About the Indentures

The documents titled Indentures referred to that clause of the Gradual Abolition Act that called for those born of slave mothers after March 1, 1780, to serve 28 years as indentured servants. One such indenture that raises a number of questions is that of the 6-year-old slave girl Sally. Sally was a slave for life to Thomas Woods of Ohio County, Va., who manumitted her in 1825 to serve until age 28 as an indentured servant to Pittsburgh attorney John McKee (not to be confused with McKeesport founder John McKee).

Sally, “having no parents living in the State of Pennsylvania,” arrived in the Commonwealth to serve a term of 22 years as an indentured servant. We don’t know whether Sally served the full term of this contract. The peculiar thing is that a 6-year-old was contracting herself as an indenture, apprenticed “to learn the Art and mystery of a house Servant and Cook.” Two members of the Pittsburgh Bar approved this transaction, Pittsburgh aldermen Thomas Enochs and Magnus Murray, the man who would later serve two terms as the city’s mayor.

In 1793, the same John McKee who had founded McKeesport and freed Peter Cosco indentured a young woman named Kut, the daughter of an enslaved woman named Negro Suck.
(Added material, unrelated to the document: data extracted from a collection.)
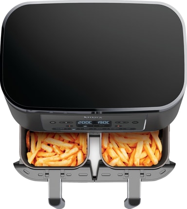 Med den 2400 watts starka Ninja Dual Zone-airfryern DZ300EU kan du laga två rätter samtidigt i separata 3,8-litersfack. Med sex tillagningsfunktioner och Sync- eller Match-alternativ är det enkelt att laga en komplett måltid på ditt sätt.Läs mer om produkten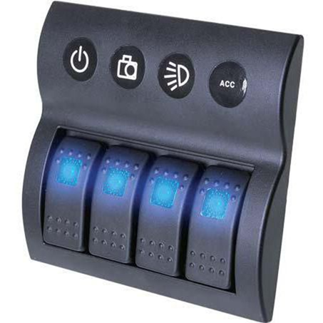Drivetech 4x4 4 Switch Panel, 1 Year Warranty. Drivetech 4x4 Rocker 4 Switch Panel On - Off - SPST 12 or 24V Blue Illumination (Contacts Rated 20A @ 12V)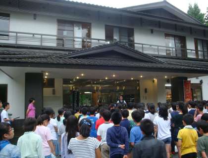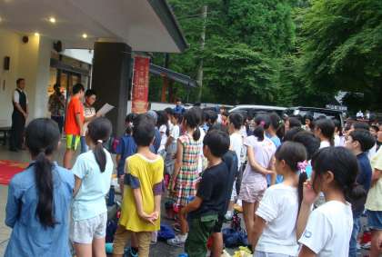 宿舎についての最初のイベントは開園式です。雨があがり、予定通り外で行いました。宿舎の人の話を聞き、代表の児童があいさつをしました。これからここではじまる3日間、わくわく感が高まっていきました。
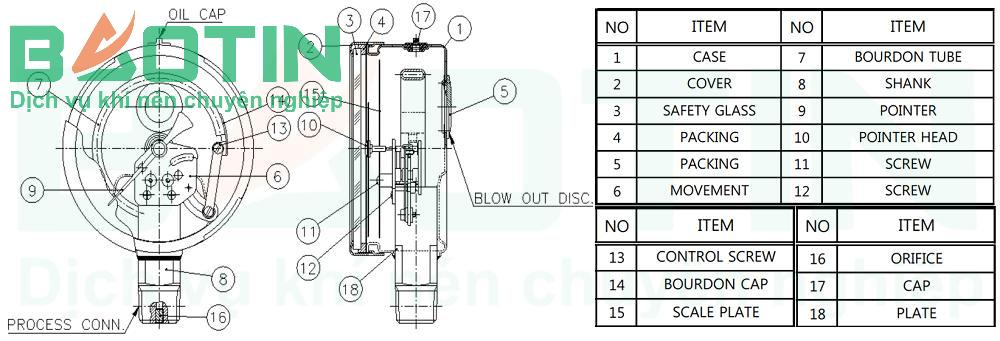 3,Cấu tạo của đồng hồ áp suất Wise P222: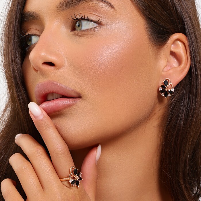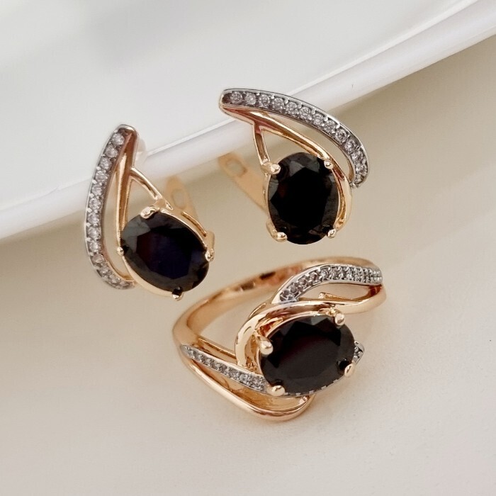 Комплект ювелирной бижутерии коллекция "Дубай" серьги и кольцо 17 р, покрытие позолота, вставка: фианиты, цвет: черный и прозрачный, арт.215.472-17 2 фото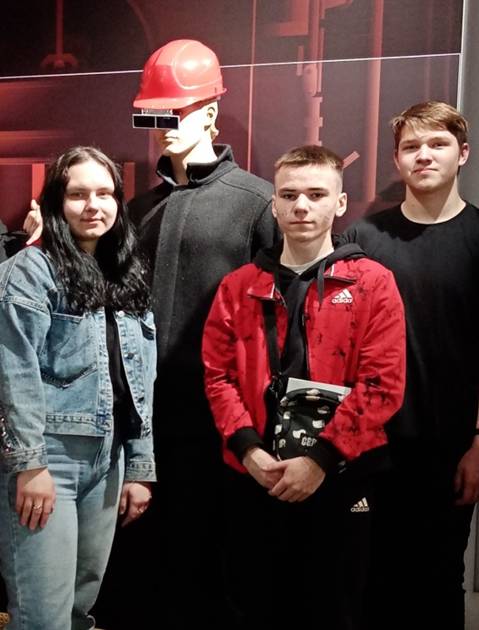 В ходе экскурсии студенты группы посетили все экспозиции музея, которые расположены на двух этажах. На первом этаже в зале древности поучаствовали в виртуальных археологических раскопках, в средневековье поторговали на рынке, а в залах советской эпохи – послушали по телефону директивы министров и воспоминания ветеранов труда. В залах, посвященных современным технологиям металлургии расположенных на втором этаже, ознакомились с технологическими цепочками металлургического производства, получили информацию о производстве и технологиях, ознакомились с образцами продукции ПАО «Северсталь» и тонкостях металлургических профессий. Нашли информацию и по своей профессии – Машинист крана.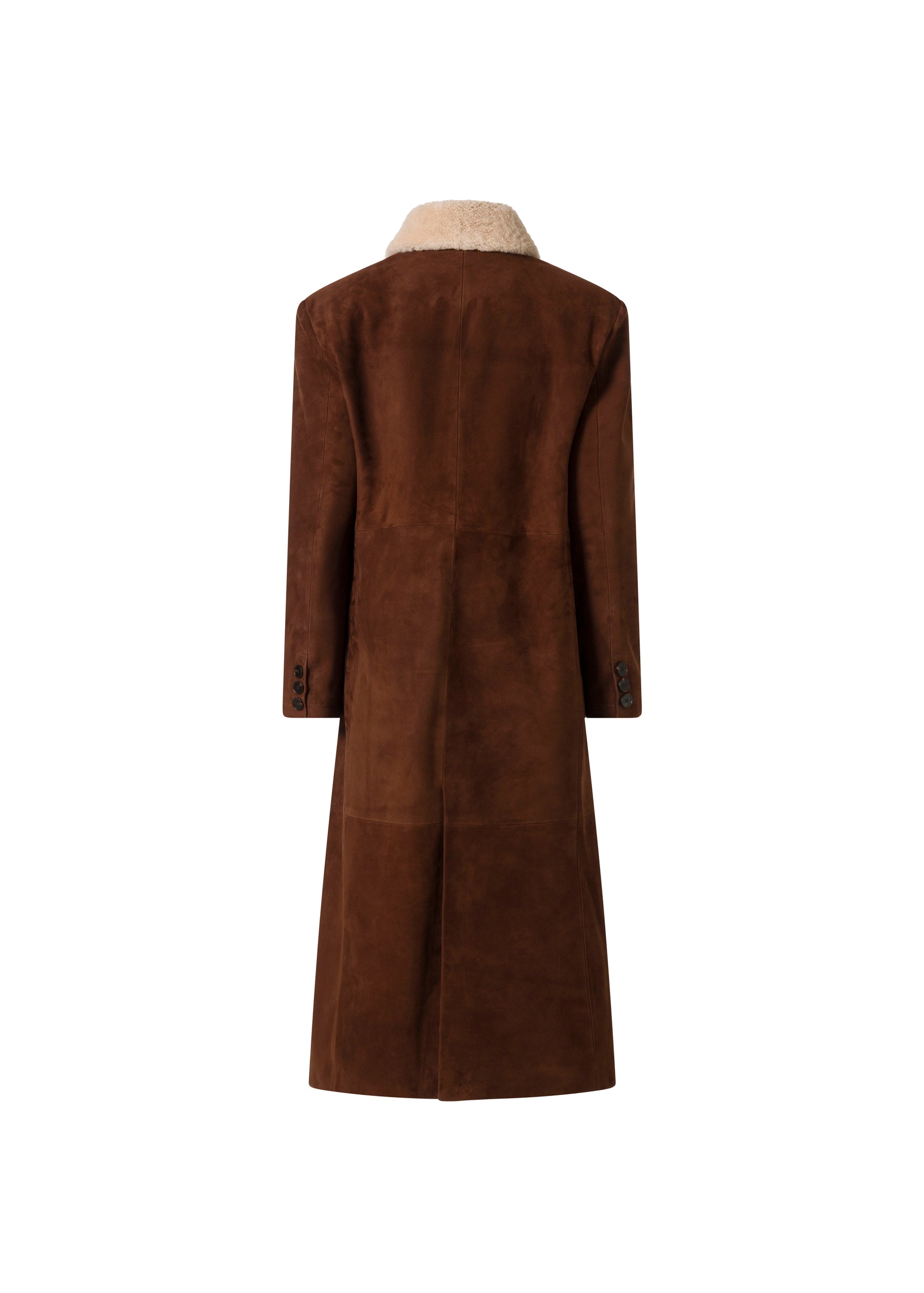 Single-breasted coat crafted from soft suede cow leather, featuring a center front button closure and front patch pockets.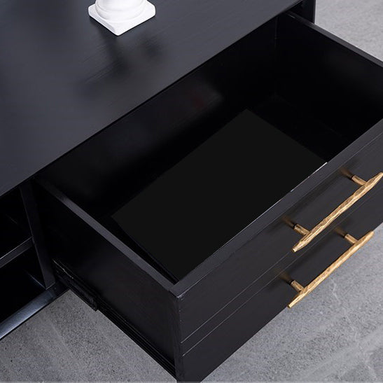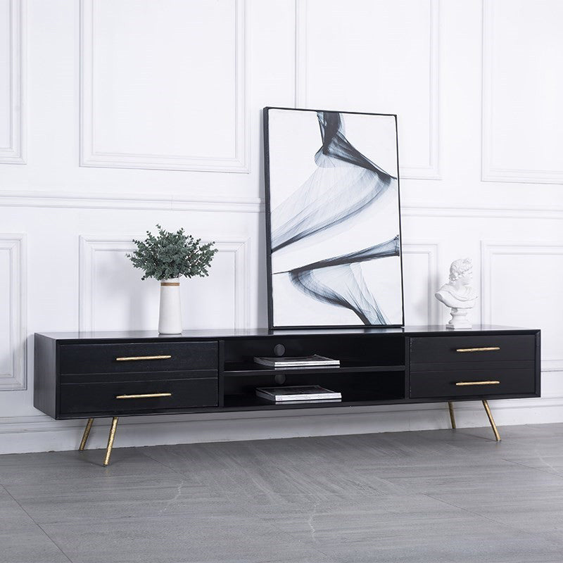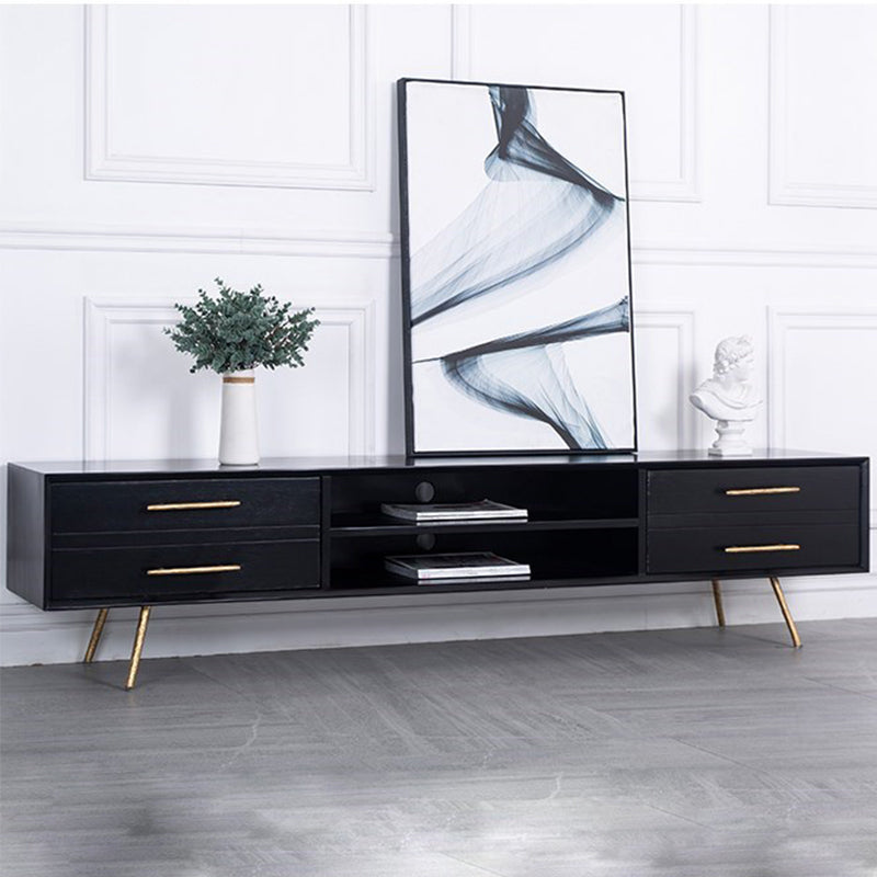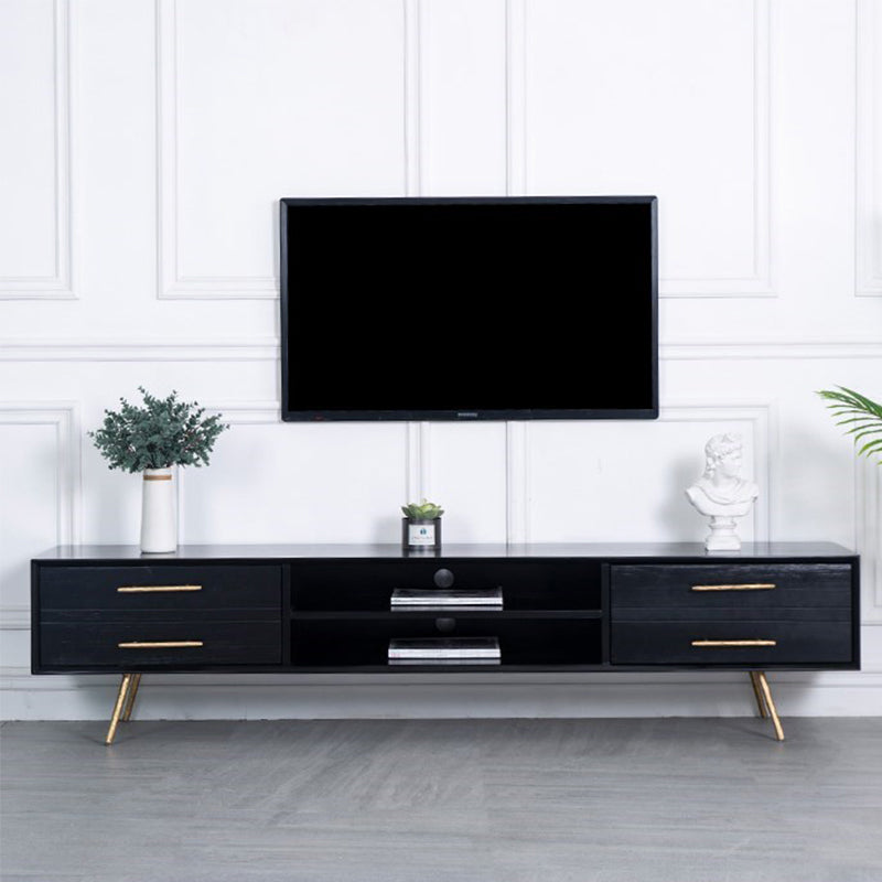 Glam Style TV Stand Black Colour Wood TV Console with Open Storage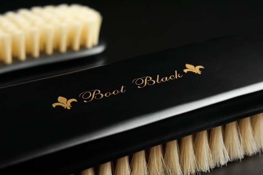 美しく黒塗りされたハンドルには側面にくぼみを付け、持ちやすく加工しています。適度な厚みとともに、握りやすく動かしやすいという靴磨きのプロならではのこだわりが反映されています。
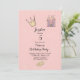 Celebrar um tema rosa e roxo, festa de aniversário princesa com coroa, castelo e calçados bonitinhos. A frente tem algumas estrelas brancas esmaecidas e espirais, e a parte de trás tem listras roxas e cor-de-rosa.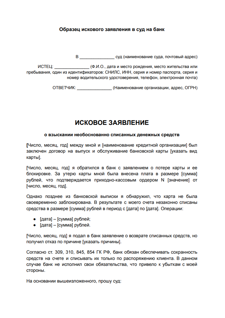 Образец искового заявления о защите прав потребителя и взыскании денежных средств с банка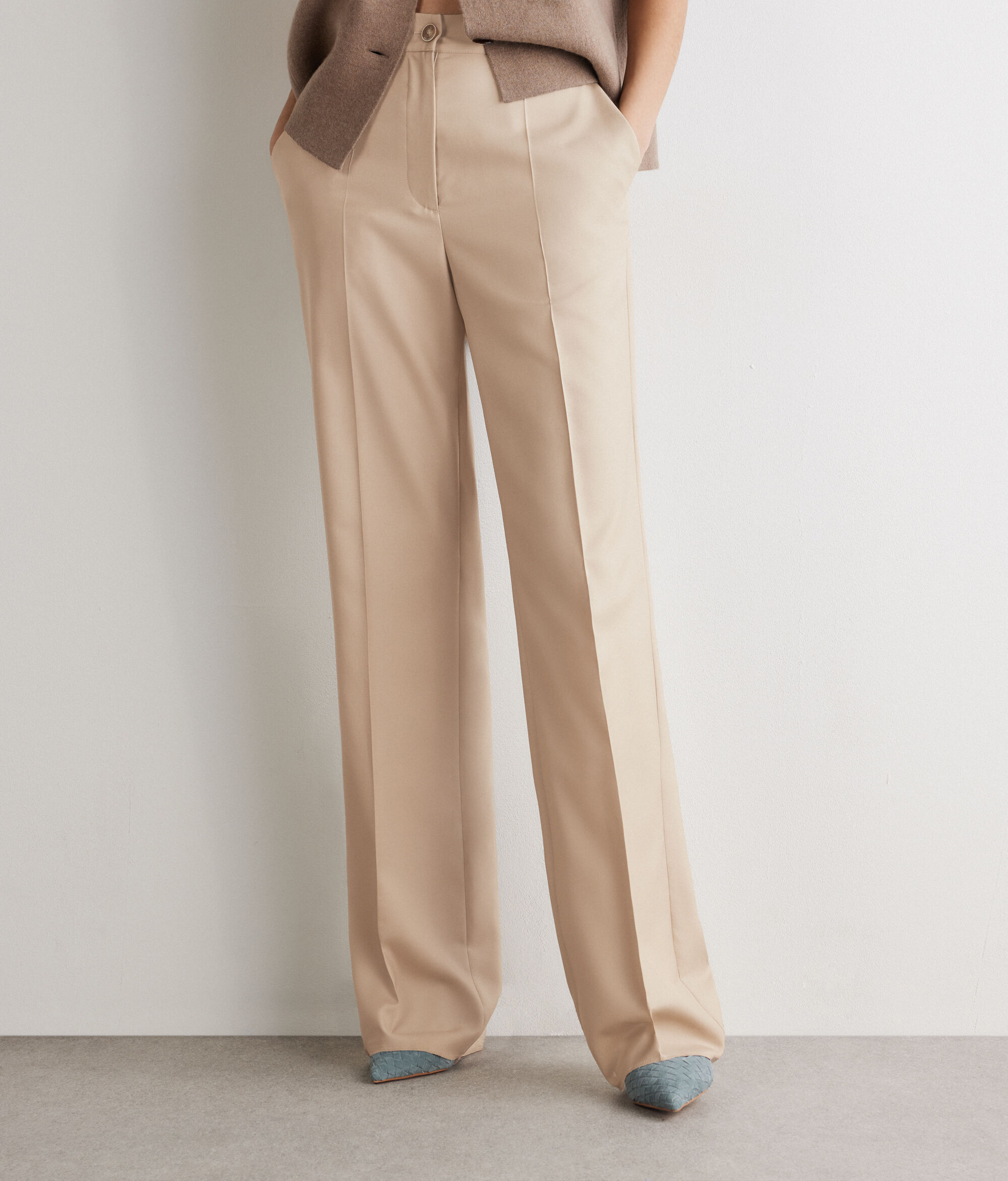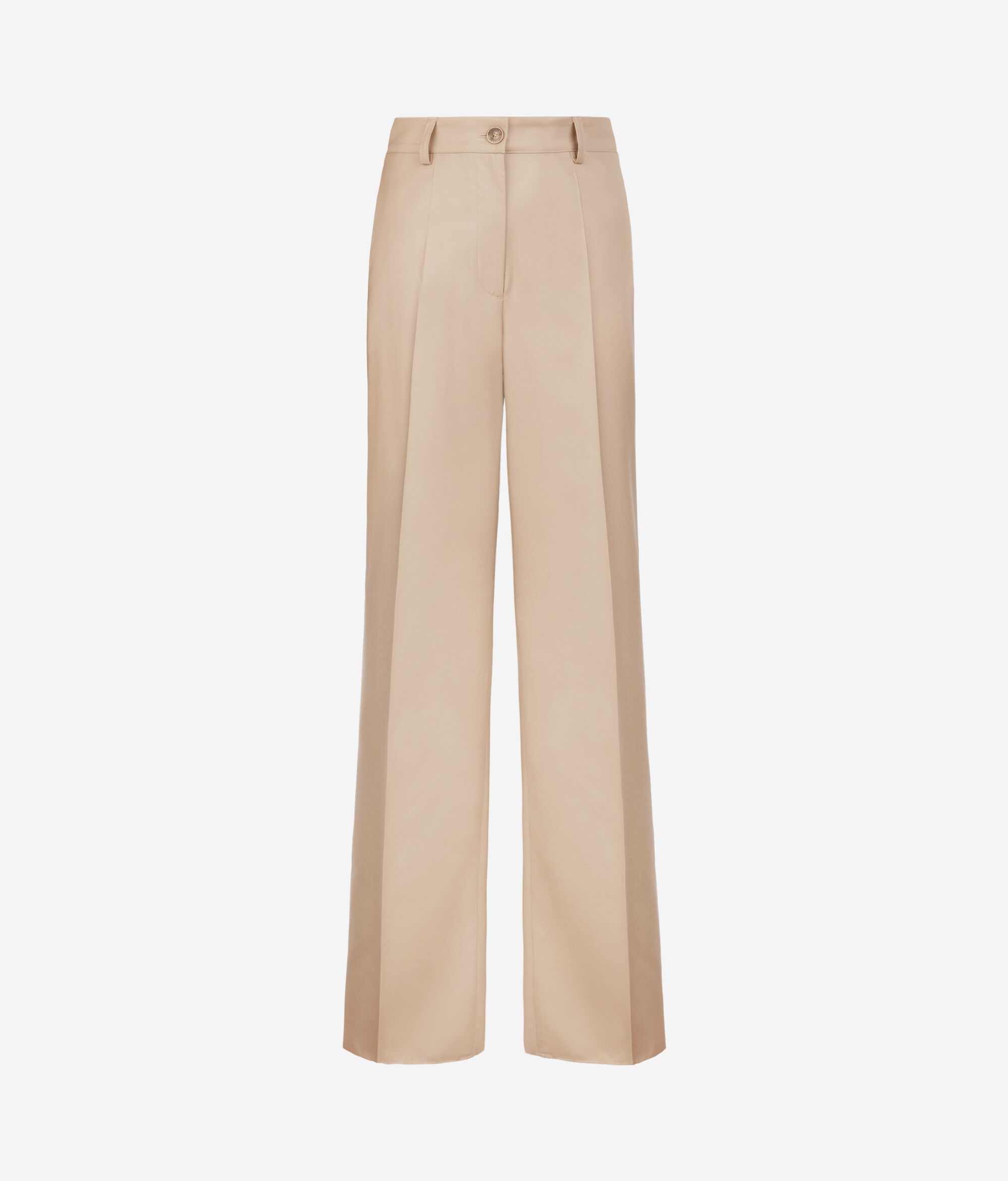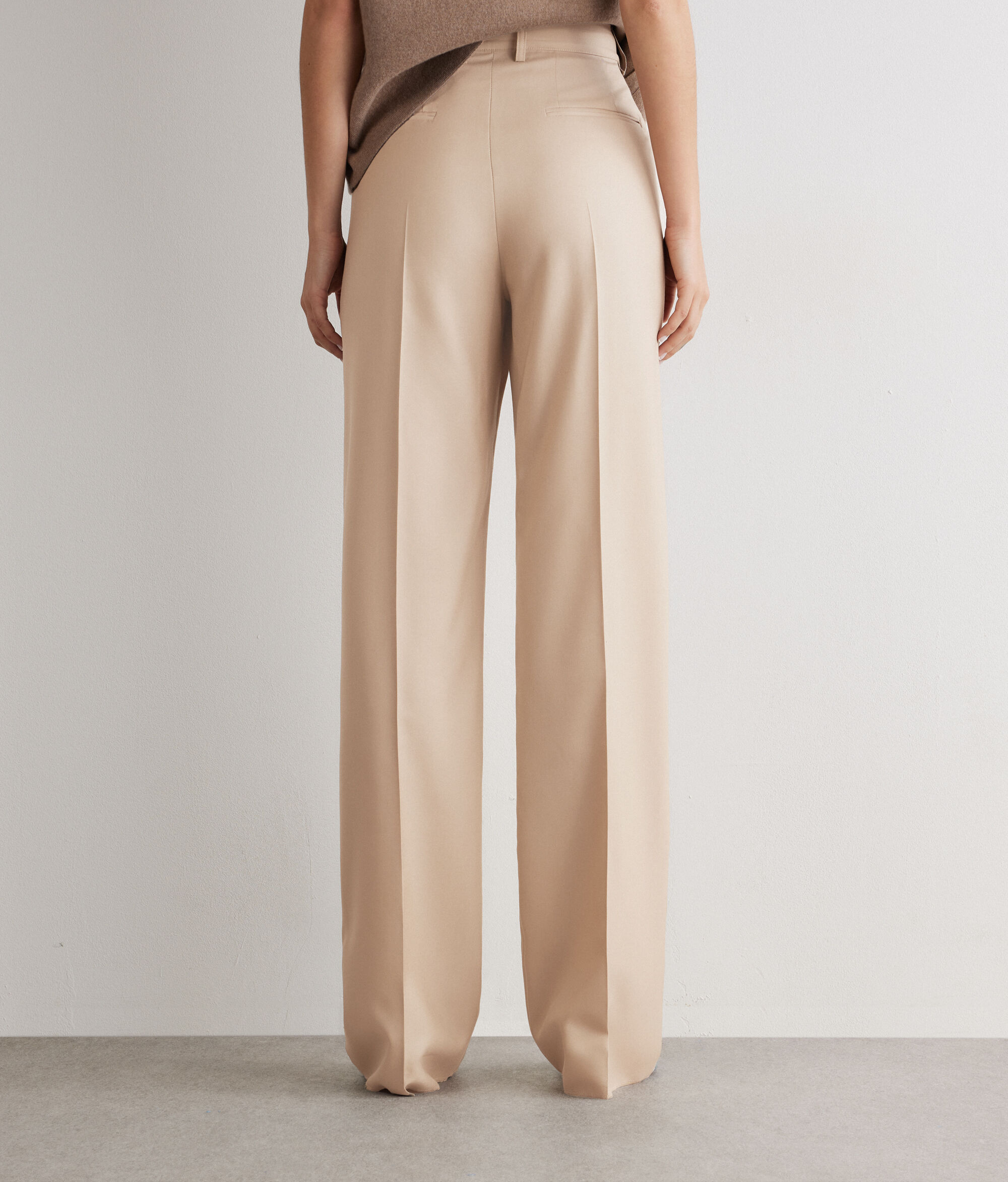 Tailored straight-cut trousers in cashmere silk, enhanced by the pleat at the front and back. The zip, flap and button fastening, together with the waistband with belt loops, defines the design, completed by slant pockets at the front and mock double welt pockets at the back.

The indenture was for 12.5 years and states that Kut “shall faithfully serve his [McKee’s] lawful commands, cheerfully obey; she shall not contract matrimony &c &c, nor do anything detrimental to her said Master’s interests; she shall not commit fornication nor frequent taverns, cards, dice nor any unlawful games.”

It appears by the statements made in this document that some perception of the surrounding community made a Black girl prey to the vices of society. This record also suggests Blacks’ preservation of their African roots through their choice of names. Taking another look at the indenture of Kut and her mother Suck, we see a name with West African cultural connections: Suck appears to be derived from the Wolof female name Sukey. The Wolof were native to West Africa’s Guinea and Senegambia region. Sukey was a common name among Creole slaves in Louisiana, as was the common Creole name Kut, sometimes spelled Quite.